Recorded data
..............................
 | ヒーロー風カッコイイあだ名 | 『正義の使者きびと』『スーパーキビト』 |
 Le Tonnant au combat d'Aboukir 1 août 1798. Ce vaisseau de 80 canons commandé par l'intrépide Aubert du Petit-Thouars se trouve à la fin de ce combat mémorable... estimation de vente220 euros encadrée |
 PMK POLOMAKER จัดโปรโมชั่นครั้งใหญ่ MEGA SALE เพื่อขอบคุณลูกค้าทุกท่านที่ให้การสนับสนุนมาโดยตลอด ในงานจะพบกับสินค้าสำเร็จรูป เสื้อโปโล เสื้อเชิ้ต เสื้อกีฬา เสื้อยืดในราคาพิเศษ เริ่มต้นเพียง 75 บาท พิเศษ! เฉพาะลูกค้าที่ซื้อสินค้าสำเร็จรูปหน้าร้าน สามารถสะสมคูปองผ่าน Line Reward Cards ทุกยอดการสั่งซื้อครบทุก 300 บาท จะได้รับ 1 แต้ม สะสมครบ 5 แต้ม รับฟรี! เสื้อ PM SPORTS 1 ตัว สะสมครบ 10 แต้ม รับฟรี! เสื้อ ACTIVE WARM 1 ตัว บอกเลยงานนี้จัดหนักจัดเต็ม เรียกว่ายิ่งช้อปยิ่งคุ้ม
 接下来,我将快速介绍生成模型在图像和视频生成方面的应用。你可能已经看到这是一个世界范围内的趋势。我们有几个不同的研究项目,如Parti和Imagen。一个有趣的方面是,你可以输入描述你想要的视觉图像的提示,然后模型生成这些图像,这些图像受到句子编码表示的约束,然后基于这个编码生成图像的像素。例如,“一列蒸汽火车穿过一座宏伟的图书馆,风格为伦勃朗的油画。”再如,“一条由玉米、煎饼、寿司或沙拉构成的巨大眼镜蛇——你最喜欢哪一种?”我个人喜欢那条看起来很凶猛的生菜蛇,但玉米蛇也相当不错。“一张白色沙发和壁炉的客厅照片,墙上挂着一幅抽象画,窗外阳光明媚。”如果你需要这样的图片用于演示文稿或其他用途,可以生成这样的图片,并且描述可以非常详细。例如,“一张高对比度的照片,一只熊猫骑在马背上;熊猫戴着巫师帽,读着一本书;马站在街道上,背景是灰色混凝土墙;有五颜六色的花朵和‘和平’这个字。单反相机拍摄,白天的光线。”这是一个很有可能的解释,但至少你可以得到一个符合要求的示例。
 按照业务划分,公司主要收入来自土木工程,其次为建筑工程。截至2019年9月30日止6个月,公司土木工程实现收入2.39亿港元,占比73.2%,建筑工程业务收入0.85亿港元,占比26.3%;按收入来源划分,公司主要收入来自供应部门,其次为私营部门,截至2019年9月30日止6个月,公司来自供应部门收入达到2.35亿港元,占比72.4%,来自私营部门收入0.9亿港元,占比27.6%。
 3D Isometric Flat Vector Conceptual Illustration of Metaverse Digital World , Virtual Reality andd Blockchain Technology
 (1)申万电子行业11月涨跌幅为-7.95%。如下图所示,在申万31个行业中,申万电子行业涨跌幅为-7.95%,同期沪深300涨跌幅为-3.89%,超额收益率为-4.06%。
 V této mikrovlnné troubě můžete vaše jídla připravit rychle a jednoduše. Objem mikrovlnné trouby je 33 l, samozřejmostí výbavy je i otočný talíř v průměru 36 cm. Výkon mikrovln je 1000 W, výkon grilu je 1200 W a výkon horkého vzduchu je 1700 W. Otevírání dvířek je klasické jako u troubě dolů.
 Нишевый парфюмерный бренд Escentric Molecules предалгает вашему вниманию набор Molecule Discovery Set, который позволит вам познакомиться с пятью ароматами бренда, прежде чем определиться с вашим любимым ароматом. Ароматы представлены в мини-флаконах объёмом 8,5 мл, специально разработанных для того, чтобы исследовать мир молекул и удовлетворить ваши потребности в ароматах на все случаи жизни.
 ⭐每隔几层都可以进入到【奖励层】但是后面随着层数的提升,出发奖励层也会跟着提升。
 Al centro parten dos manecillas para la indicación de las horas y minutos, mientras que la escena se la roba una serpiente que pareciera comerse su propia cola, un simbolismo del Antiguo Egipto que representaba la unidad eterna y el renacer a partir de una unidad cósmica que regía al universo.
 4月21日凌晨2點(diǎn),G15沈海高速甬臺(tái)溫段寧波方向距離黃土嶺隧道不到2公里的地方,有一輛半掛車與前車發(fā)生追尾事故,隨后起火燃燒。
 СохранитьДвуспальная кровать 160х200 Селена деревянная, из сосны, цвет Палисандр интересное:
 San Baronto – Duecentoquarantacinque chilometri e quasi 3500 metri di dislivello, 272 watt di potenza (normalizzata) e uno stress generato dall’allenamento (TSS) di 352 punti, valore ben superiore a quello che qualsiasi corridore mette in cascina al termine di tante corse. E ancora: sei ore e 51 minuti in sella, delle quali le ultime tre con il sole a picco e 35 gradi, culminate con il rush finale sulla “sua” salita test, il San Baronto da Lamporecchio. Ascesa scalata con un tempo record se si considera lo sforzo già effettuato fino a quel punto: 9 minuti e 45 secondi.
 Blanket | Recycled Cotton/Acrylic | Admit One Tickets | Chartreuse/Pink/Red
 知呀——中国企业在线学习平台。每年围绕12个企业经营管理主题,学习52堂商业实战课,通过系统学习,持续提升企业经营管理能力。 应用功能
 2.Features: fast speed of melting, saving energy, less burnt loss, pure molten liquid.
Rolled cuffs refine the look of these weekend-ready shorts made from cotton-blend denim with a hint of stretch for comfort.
..............................
## Instructions for the task
Find the line containing "(1)申万电子行业11月涨跌" in the data above. Please transcribe it and every line after it, exactly.

## Answer to this problem
 (1)申万电子行业11月涨跌幅为-7.95%。如下图所示,在申万31个行业中,申万电子行业涨跌幅为-7.95%,同期沪深300涨跌幅为-3.89%,超额收益率为-4.06%。
 V této mikrovlnné troubě můžete vaše jídla připravit rychle a jednoduše. Objem mikrovlnné trouby je 33 l, samozřejmostí výbavy je i otočný talíř v průměru 36 cm. Výkon mikrovln je 1000 W, výkon grilu je 1200 W a výkon horkého vzduchu je 1700 W. Otevírání dvířek je klasické jako u troubě dolů.
 Нишевый парфюмерный бренд Escentric Molecules предалгает вашему вниманию набор Molecule Discovery Set, который позволит вам познакомиться с пятью ароматами бренда, прежде чем определиться с вашим любимым ароматом. Ароматы представлены в мини-флаконах объёмом 8,5 мл, специально разработанных для того, чтобы исследовать мир молекул и удовлетворить ваши потребности в ароматах на все случаи жизни.
 ⭐每隔几层都可以进入到【奖励层】但是后面随着层数的提升,出发奖励层也会跟着提升。
 Al centro parten dos manecillas para la indicación de las horas y minutos, mientras que la escena se la roba una serpiente que pareciera comerse su propia cola, un simbolismo del Antiguo Egipto que representaba la unidad eterna y el renacer a partir de una unidad cósmica que regía al universo.
 4月21日凌晨2點(diǎn),G15沈海高速甬臺(tái)溫段寧波方向距離黃土嶺隧道不到2公里的地方,有一輛半掛車與前車發(fā)生追尾事故,隨后起火燃燒。
 СохранитьДвуспальная кровать 160х200 Селена деревянная, из сосны, цвет Палисандр интересное:
 San Baronto – Duecentoquarantacinque chilometri e quasi 3500 metri di dislivello, 272 watt di potenza (normalizzata) e uno stress generato dall’allenamento (TSS) di 352 punti, valore ben superiore a quello che qualsiasi corridore mette in cascina al termine di tante corse. E ancora: sei ore e 51 minuti in sella, delle quali le ultime tre con il sole a picco e 35 gradi, culminate con il rush finale sulla “sua” salita test, il San Baronto da Lamporecchio. Ascesa scalata con un tempo record se si considera lo sforzo già effettuato fino a quel punto: 9 minuti e 45 secondi.
 Blanket | Recycled Cotton/Acrylic | Admit One Tickets | Chartreuse/Pink/Red
 知呀——中国企业在线学习平台。每年围绕12个企业经营管理主题,学习52堂商业实战课,通过系统学习,持续提升企业经营管理能力。 应用功能
 2.Features: fast speed of melting, saving energy, less burnt loss, pure molten liquid.
Rolled cuffs refine the look of these weekend-ready shorts made from cotton-blend denim with a hint of stretch for comfort.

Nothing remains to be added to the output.